The central result here is that efficiencies were high in both centroid tasks, but substantially lower in the mean-size task. Based on previous literature, these results were expected for the mean-size task and the equi-weighted centroid task. The simulations reported by Myczek and Simons (
2008) suggested that the estimate of the mean size of a group of items is obtained with low postfilter efficiency. Also, previous research from our lab (Drew et al.,
2010; Sun et al.,
2016) found that equi-weighted centroids could be estimated with high postfilter efficiency. The surprising result is that locating the centroid while weighting items in proportion to their size can also be done with high postfilter efficiency. This is surprising because one might expect that postfilter efficiency the in size-weighted centroid task would be no better than the lesser of the two obtained in the mean-size task and the equi-weighted centroid task. Our results show that observers achieved almost identical high efficiencies in the two centroid tasks and that the postfilter efficiency was much lower in the mean-size task. However, this implies, counterintuitively, that a summary statistical representation based on a combination of two distinct kinds of information—location and size—appears to be substantially easier for observers than a summary statistical representation based on only one of these components (size).
These results suggest that estimation of mean size is different and perhaps more difficult for observers than a centroid task that also involves size information.

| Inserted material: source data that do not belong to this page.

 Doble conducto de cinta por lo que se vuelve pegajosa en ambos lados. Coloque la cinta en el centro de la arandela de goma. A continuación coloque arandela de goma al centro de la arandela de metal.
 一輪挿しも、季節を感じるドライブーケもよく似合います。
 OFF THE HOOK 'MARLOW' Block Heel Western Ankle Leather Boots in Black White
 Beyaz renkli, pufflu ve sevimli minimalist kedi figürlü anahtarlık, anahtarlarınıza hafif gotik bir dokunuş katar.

First, the high efficiencies achieved in the size-weighted centroid task show that both location and size information are accurately registered for most, if not all, of the squares. Second, the influence-function analysis suggests that although observers can achieve a weighting rule that accurately gauges the sizes of display squares in the size-weighted centroid task, they are unable to achieve such a weighting rule in the mean-size task.

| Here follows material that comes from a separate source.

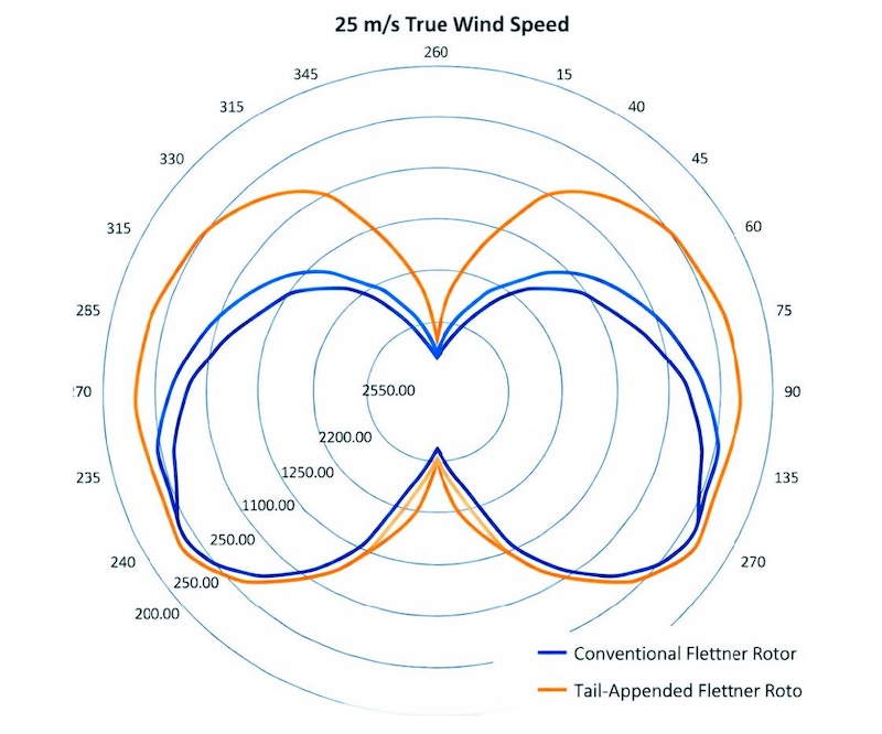Polar diagram at a 25m/s True Wind Speed comparing a conventional Flettner rotor with the tail-appended Flettner rotor.

Figure 11 shows the RMSE for the mean-size task in degrees of visual angle, broken out by number of items on the abscissa. Each of the colored lines connecting the X plotting symbols reflects the data from one observer. The black circles show the mean error, for each numerosity, averaged across observers. The black solid line is the best linear fit. The data for the three- and nine-item conditions are a “raw” version of the data used as the basis for the postfilter efficiency analysis; this is a raw summary because it does not depend on the influence-function analysis. The singleton data were not included in the postfilter efficiency analysis. Given that the stimulus items ranged in size from 0.22° to 0.99°, the standard deviation of 0.17°, 95% CI [0.15°, 0.19°], of the singletons suggests that observers were able to perceive and then recall a single size fairly accurately with the adjustment procedure used here.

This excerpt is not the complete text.